Живя в питательной культурной среде, чьим основным принципом было непрерывное взаимодействие всевозможных эстетических течений западноевропейской и русской литературной жизни, начинающим писателям-изгнанникам нетрудно было найти подходящих учителей. На одном и том же русском парижском книжном прилавке литературные имена из советской России соперничали с именами маститых литераторов-эмигрантов, получивших признание задолго до большевистского переворота. А перейдя через дорогу, можно было приобрести последние романы Марселя Пруста, Андре Жида и Луи-Фердинанда Селина, журналы сюрреалистов и младокатоликов, а также французские переводы Джеймса Джойса, Франца Кафки и Луиджи Пиранделло. Впрочем, полученное до революции образование позволяло многим, в том числе и Фельзену, читать Джойса и Кафку в оригинале. Немаловажен и тот факт, что, в отличие от некоторых «отцов»-эмигрантов, большинство «детей» русской литературной диаспоры достаточно владело французским, чтобы не только читать в оригинале Поля Валери и Жана Кокто, но и принимать непосредственное участие как во французских литературных движениях (подобно Сергею Шаршуну и Борису Поплавскому), так и в русско-французских культурных контактах, организуемых Франко-Русской Студией (1929-32) и журналом «Числа» (1930-34). Непосредственное общение с признанными эмигрантскими и французскими литераторами способствовало развитию художественной личности «молодых». Так, Фельзен был одновременно вхож в воскресный салон Зинаиды Гиппиус, наградившей худощавого блондина навсегда оставшимся за ним прозвищем «Спаржа»[12], и в круг французского критика Шарля дю Боса, на чьих приемах можно было встретить всю культурную элиту Парижа[13].

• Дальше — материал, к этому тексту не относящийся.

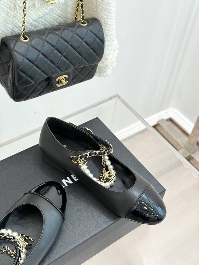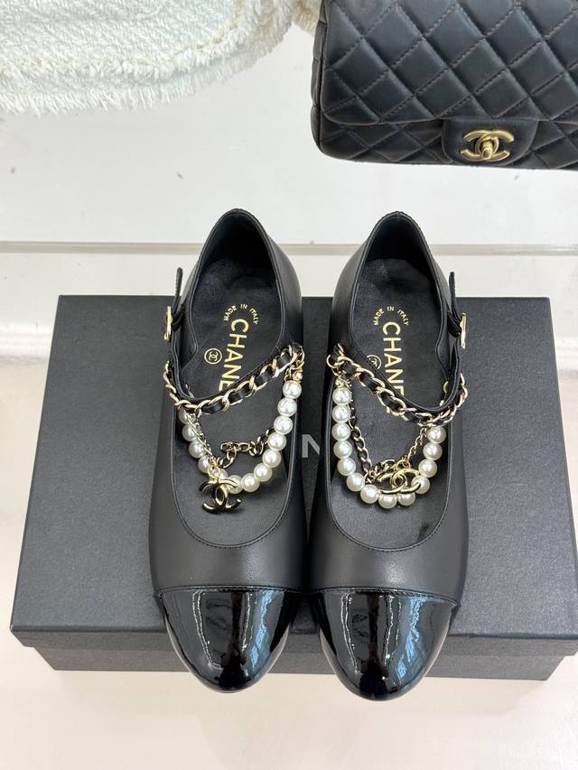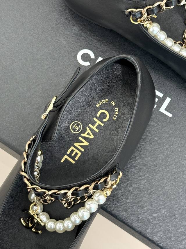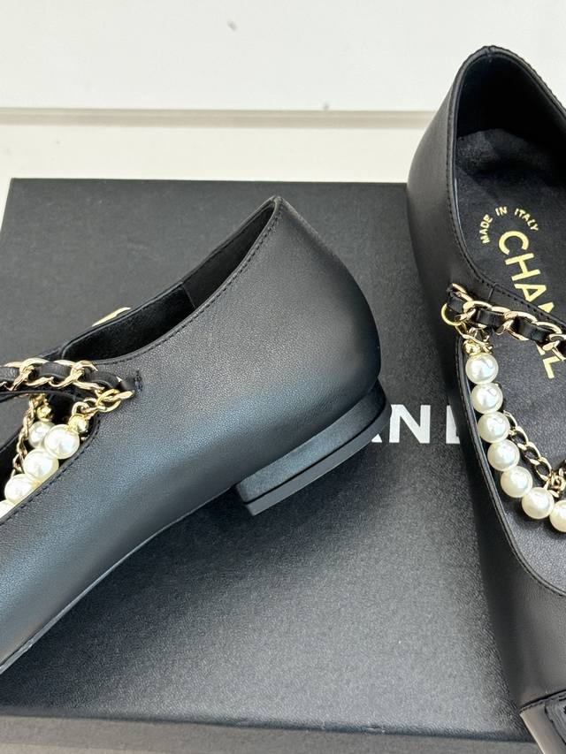 厂价p平底 高跟 DDD Chane*|小香25B珍珠链条双C玛丽珍鞋 DDD 这双玛丽珍鞋 无疑是优雅与精致的完美结晶, DDD 每一处细节都散发着独属于香奈儿的高级魅力。 DDD 鞋面上 标志性的双C Logo以立体金属质感呈现 DDD 彰显着品牌的深厚底蕴与奢华品质 。 DDD 双C金属扣旁珍珠链条蜿蜒而下 DDD 颗颗圆润饱满的珍珠紧密排列 DDD 与闪耀的金属链条交织 复古与现代元素融合 DDD 为鞋子增添了一抹灵动的奢华感 DDD 每一步都伴随着链条的轻微晃动 DDD 奏响专属的时尚乐章。 D

В 1926 году Фельзен познакомился с будущим теоретиком «Парижской школы» эмигрантской литературы Георгием Адамовичем. Сверстник Фельзена, Адамович всё же считался «старшим» писателем благодаря более солидному литературному опыту, а также авторитету своих критических очерков в парижском журнале «Звено», куда он вскоре после знакомства ввел и Фельзена в качестве постоянного сотрудника. «Впервые я увидел его у Мережковских, на одном из их воскресных литературно-мистических чаепитий, – вспоминал Адамович. – Мы подружились, кажется, в тот же день, вместе выйдя и отправившись обедать в ресторанчик поблизости <…> Мне понравилась его трезвость среди других молодых людей, еженедельно по воскресеньям, от пяти до семи, механически становившихся пророками и безумцами. Понравилась его сдержанность, даже его молчание, не похожее на сдачу <…> “Что-то” в нем действительно было. Что-то не вполне русское: жар, всегда ровный и не очень яркий, ум без разлада с сердцем, суховатая мечтательность, внимательная сдержанная верность. Не было друга, насчет которого могло бы возникнуть меньше сомнений <…> Из фельзеновского поколения не могу вспомнить человека, в применении к которому слово “честный” приобретало бы смысл более глубокий»[14].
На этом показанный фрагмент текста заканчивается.